EXERCISE DIRECTIONS: Only the stretch of the listing below that runs from the line with "活动中,同学们在老师的指导下" through the line with "사랑채, 안채, 별채, 아래채, 바깥채" is to be printed, exactly and with both ends.

DATA EXTRACTS:
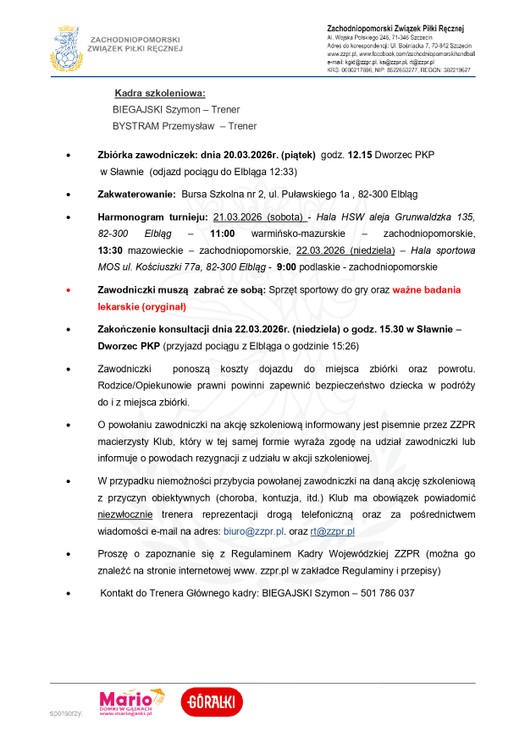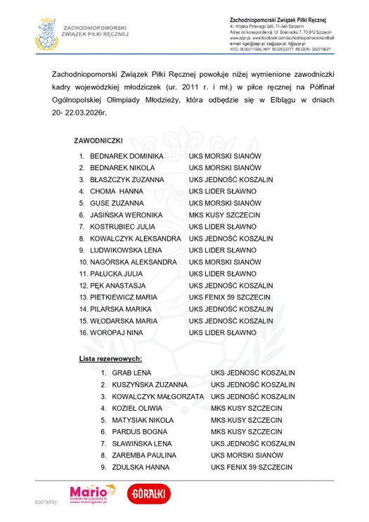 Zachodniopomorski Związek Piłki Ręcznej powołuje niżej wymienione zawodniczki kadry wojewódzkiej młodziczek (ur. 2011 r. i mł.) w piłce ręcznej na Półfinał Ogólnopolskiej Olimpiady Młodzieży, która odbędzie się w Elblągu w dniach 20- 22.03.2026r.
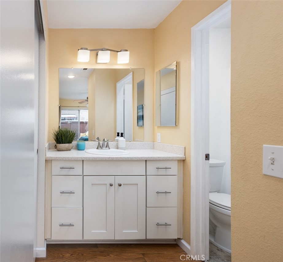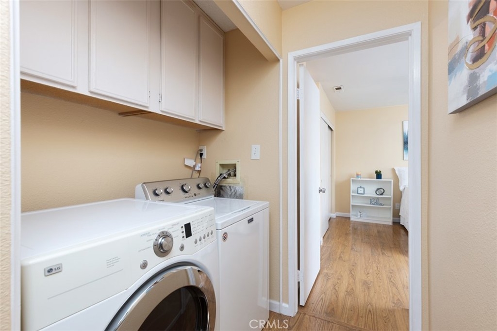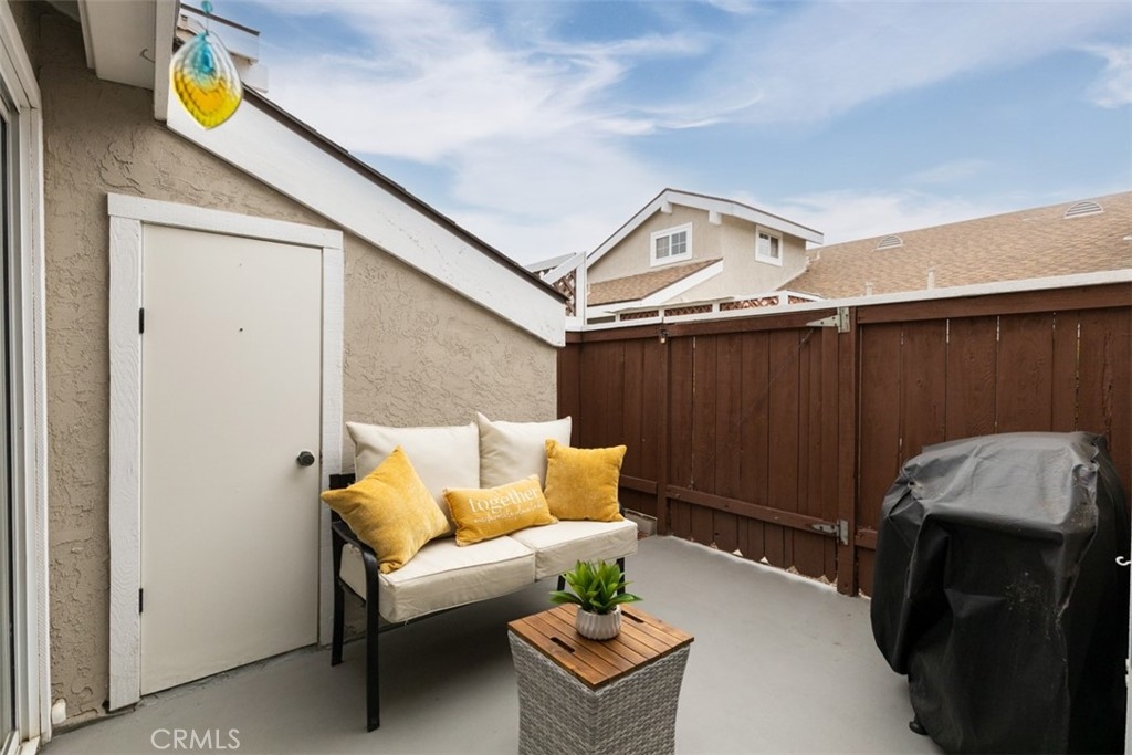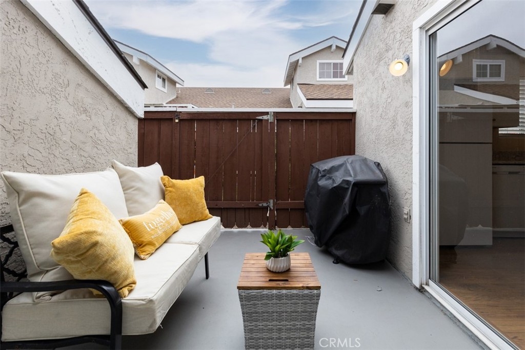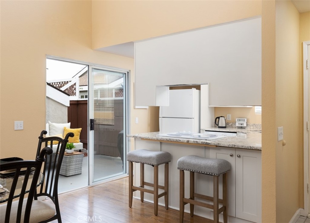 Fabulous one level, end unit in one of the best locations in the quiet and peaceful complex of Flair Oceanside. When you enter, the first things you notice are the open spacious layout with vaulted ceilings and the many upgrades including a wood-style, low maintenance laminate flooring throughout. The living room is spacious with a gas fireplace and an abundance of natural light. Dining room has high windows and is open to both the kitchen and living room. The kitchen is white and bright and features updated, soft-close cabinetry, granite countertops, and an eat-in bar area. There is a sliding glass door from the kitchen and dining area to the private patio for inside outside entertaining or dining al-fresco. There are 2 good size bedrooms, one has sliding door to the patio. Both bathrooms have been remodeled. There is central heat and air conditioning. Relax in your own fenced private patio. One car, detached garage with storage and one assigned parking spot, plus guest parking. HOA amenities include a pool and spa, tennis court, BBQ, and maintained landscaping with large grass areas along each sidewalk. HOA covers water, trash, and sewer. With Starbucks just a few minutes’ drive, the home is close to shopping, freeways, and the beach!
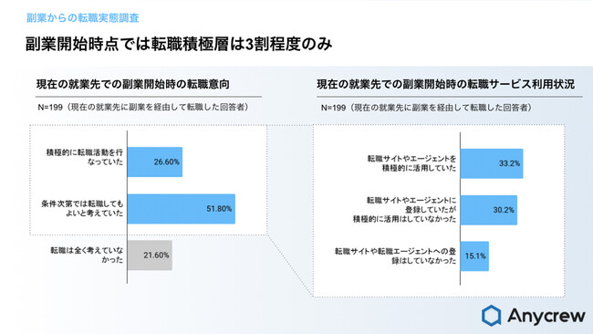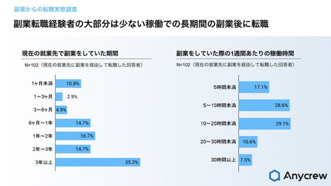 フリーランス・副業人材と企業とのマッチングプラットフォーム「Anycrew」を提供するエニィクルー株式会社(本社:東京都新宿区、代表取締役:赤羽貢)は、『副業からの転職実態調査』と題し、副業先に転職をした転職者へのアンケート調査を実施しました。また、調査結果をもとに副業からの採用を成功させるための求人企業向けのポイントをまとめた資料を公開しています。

* * *

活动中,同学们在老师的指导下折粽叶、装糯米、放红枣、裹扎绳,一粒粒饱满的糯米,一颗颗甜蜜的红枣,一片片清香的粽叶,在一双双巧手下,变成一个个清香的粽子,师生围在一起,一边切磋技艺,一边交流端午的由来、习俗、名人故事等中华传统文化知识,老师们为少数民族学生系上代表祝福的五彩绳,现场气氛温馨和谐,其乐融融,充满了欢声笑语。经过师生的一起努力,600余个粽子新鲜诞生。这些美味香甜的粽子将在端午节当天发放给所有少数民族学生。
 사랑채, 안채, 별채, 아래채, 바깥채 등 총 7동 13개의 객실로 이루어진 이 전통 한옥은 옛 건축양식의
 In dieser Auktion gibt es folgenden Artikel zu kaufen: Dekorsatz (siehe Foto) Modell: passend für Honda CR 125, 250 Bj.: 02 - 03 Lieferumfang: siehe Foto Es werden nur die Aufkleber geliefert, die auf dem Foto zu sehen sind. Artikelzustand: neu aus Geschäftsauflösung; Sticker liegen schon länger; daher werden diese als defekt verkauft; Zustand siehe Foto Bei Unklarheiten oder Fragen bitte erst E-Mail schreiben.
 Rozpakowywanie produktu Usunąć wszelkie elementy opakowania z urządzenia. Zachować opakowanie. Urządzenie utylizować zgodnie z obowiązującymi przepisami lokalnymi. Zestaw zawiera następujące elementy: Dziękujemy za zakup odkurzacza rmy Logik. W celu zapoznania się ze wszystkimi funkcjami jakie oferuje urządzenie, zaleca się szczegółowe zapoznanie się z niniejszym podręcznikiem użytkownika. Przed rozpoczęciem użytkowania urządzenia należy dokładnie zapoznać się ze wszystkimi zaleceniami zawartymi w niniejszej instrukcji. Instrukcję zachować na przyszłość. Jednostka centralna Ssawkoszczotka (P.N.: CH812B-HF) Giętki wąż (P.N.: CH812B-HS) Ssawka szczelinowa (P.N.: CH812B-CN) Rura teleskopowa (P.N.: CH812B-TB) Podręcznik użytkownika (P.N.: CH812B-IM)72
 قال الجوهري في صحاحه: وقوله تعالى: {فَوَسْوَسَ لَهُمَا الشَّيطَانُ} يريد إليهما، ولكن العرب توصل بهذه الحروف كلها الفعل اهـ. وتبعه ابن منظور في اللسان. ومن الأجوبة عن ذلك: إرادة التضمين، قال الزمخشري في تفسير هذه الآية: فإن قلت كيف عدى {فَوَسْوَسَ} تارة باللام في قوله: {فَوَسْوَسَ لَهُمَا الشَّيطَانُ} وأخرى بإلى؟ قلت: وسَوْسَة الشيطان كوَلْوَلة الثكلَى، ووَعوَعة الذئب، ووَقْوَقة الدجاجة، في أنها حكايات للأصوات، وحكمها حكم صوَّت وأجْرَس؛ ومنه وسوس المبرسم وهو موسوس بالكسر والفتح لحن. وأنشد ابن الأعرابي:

--

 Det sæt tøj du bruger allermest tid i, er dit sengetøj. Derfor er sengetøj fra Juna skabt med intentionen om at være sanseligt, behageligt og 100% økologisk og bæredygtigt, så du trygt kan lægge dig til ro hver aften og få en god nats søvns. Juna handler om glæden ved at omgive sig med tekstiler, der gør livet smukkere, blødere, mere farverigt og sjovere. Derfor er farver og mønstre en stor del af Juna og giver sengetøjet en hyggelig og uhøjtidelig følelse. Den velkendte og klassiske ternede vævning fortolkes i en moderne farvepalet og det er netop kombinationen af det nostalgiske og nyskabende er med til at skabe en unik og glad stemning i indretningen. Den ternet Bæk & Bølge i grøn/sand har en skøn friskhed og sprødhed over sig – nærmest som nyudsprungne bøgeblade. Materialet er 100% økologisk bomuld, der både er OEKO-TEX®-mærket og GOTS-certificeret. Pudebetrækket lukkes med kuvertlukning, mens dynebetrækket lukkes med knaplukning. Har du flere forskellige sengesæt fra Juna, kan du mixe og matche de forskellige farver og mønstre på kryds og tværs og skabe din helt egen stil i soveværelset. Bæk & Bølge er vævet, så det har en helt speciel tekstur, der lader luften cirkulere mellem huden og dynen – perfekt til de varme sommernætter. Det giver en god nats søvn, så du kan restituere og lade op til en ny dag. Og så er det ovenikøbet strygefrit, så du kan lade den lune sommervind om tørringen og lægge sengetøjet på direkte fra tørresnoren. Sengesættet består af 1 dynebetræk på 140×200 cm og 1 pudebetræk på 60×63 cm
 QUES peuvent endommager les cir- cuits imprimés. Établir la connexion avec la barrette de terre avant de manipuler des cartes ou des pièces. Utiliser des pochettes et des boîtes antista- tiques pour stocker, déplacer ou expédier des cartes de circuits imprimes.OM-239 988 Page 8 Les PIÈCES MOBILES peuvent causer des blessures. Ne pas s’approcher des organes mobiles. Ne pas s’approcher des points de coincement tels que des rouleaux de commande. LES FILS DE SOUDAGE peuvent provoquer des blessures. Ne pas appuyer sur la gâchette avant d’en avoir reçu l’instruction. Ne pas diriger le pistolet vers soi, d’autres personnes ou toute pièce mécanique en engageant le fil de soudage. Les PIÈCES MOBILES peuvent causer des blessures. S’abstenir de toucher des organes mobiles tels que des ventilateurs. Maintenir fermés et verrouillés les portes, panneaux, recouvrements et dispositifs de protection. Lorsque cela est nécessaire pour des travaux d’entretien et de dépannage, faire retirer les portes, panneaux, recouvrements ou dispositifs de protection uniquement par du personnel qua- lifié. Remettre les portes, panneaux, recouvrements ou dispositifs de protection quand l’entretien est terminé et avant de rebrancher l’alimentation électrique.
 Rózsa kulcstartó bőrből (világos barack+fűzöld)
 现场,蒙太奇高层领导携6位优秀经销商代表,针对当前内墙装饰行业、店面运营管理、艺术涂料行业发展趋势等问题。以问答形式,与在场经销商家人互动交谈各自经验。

ANSWER TO THIS PROBLEM:
活动中,同学们在老师的指导下折粽叶、装糯米、放红枣、裹扎绳,一粒粒饱满的糯米,一颗颗甜蜜的红枣,一片片清香的粽叶,在一双双巧手下,变成一个个清香的粽子,师生围在一起,一边切磋技艺,一边交流端午的由来、习俗、名人故事等中华传统文化知识,老师们为少数民族学生系上代表祝福的五彩绳,现场气氛温馨和谐,其乐融融,充满了欢声笑语。经过师生的一起努力,600余个粽子新鲜诞生。这些美味香甜的粽子将在端午节当天发放给所有少数民族学生。
 사랑채, 안채, 별채, 아래채, 바깥채 등 총 7동 13개의 객실로 이루어진 이 전통 한옥은 옛 건축양식의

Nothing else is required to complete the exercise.